While many perpetrators of rape and sexual assault are fully aware of the unlawfulness of their actions, many are not. There are rapists out there walking around that do not even know they are rapists. Something needs to change. ConsentIsSexyThere could be a huge percentage of sexual violence that could potentially be avoided if all people are taught the meaning of consent.

Consent should be taught at home and in school; however, it’s safe to say that not all children will be getting that important education at home for whatever reason. This is why it’s so crucial that children start learning about consent as early as elementary school and that that education continues until they graduate. Most high schools have some sort of sex education; however, it’s often abstinence-based and filled with the horrors of STIs. Things like consent and healthy relationships are not taught or even mentioned in most high school sex ed classes.

“Educators should teach consent in their classrooms as early as elementary school. As an educator, you have the ability to empower young people by teaching them that they have control over their own body.

Learning to give and receive consent, or even just being aware about the concept of consent, can help children and young adults better understand their bodily rights while also giving them the courage to speak up if those rights are ever violated. Teaching consent in the classroom could help students identify and have the courage to come forward about issues such as molestation and sexual assault.”

For more information on how to teach consent in the classroom, click here.

Some parents probably cringe at the idea of teaching their kindergartener about consent; however, “the talk” isn’t necessary to teach a child about “good touch” and “bad touch.” Also, teaching children that words like “no” and “stop” are very important words to listen to. Teaching children about consent as soon as possible is crucial if people want to see a change in future generations with how sexual assault happens and is treated.

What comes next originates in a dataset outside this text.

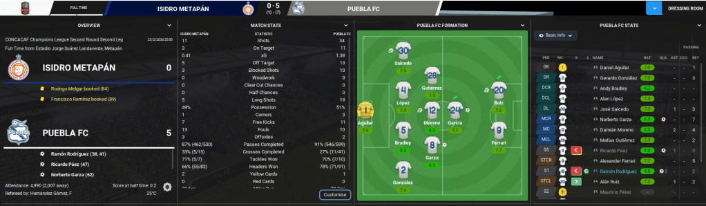 Lazaró’s bid to win the Champions League began in the second round against El Salvador side Isidro Metapán. Puebla started the first leg terribly, giving away a penalty after eight minutes. But they eventually responded through Rodríguez and Gutiérrez’s first for the club. But Lazaró was unhappy with the wasted chances in a 2-1 win. The second leg was much more comfortable as a Rodríguez brace, a Páez header and Garza and García’s first goals for the club earned a 5-0 win.

“We believe parents can start educating children about consent and empowerment as early as 1 year old and continuing into the college years. It is our sincere hope that this education can help us raise empowered young adults who have empathy for others and a clear understanding of healthy consent.

We hope parents and educators find this list of action items and teaching tools helpful, and that together we can help create a generation of children who have less rape and sexual assault in their lives.” 

For more information on how to teach children about consent, click here.

Many people, from teens to young adults to middle-aged adults, don’t understand that consent doesn’t mean not saying no. Consent is a yes. The excuse “well, she didn’t say no” doesn’t mean it wasn’t rape. Society needs to stop treating that as a valid excuse and educating people on what consent truly looks like.

Society will probably never be able to completely rid itself of rape and sexual assault; however, teaching people from a young age about consent could potentially prevent rape and sexual assault that occurs in relationships or between friends. The next generations need to be properly educated as they step into their lives to be able to cultivate healthy relationships and sexual activity.